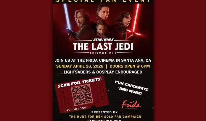 The Hunt for Ben Solo fan movement is heading to the big screen with a special screening of Star Wars: The Last Jedi at The Frida Cinema in Santa Ana, California on Sunday, April 26, 2026. According to the official event page, doors open at 6:00 PM and the film begins at 6:30 PM.
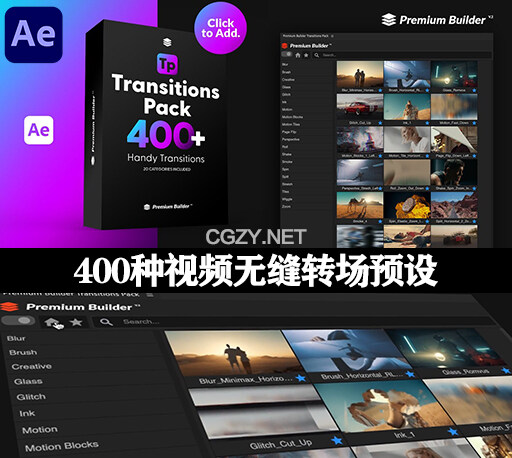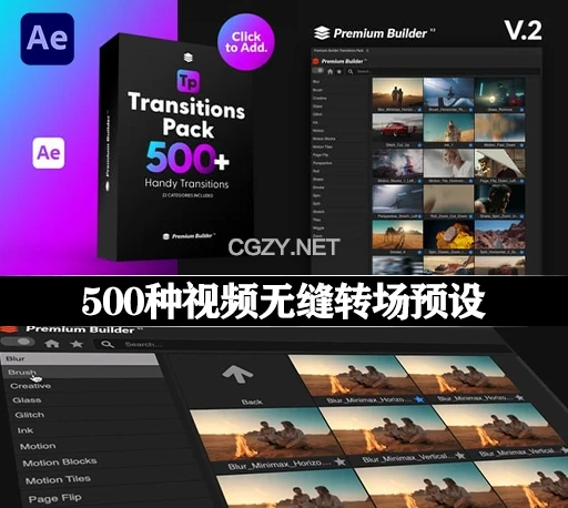超过500组无缝视频转场如:摄像机聚焦、扭曲旋转、模糊、图形遮罩、水墨笔刷遮罩、抖动等转场效果。包含AE模板工程和脚本形式,可视化,需要什么效果点击生成即可,要求AE CC 2019或者更高版本
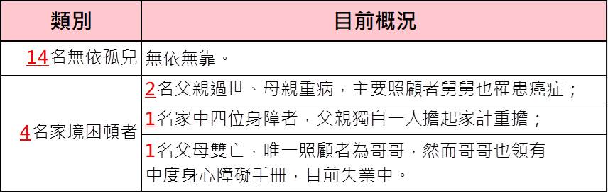 ◎專案服務對象:無依孤兒、家境困頓的心智障礙者。

Aim of the task:
Take the listing above and restate it word for word, without its pictures.

Completed exercise:
 The Hunt for Ben Solo fan movement is heading to the big screen with a special screening of Star Wars: The Last Jedi at The Frida Cinema in Santa Ana, California on Sunday, April 26, 2026. According to the official event page, doors open at 6:00 PM and the film begins at 6:30 PM.
超过500组无缝视频转场如:摄像机聚焦、扭曲旋转、模糊、图形遮罩、水墨笔刷遮罩、抖动等转场效果。包含AE模板工程和脚本形式,可视化,需要什么效果点击生成即可,要求AE CC 2019或者更高版本
 ◎專案服務對象:無依孤兒、家境困頓的心智障礙者。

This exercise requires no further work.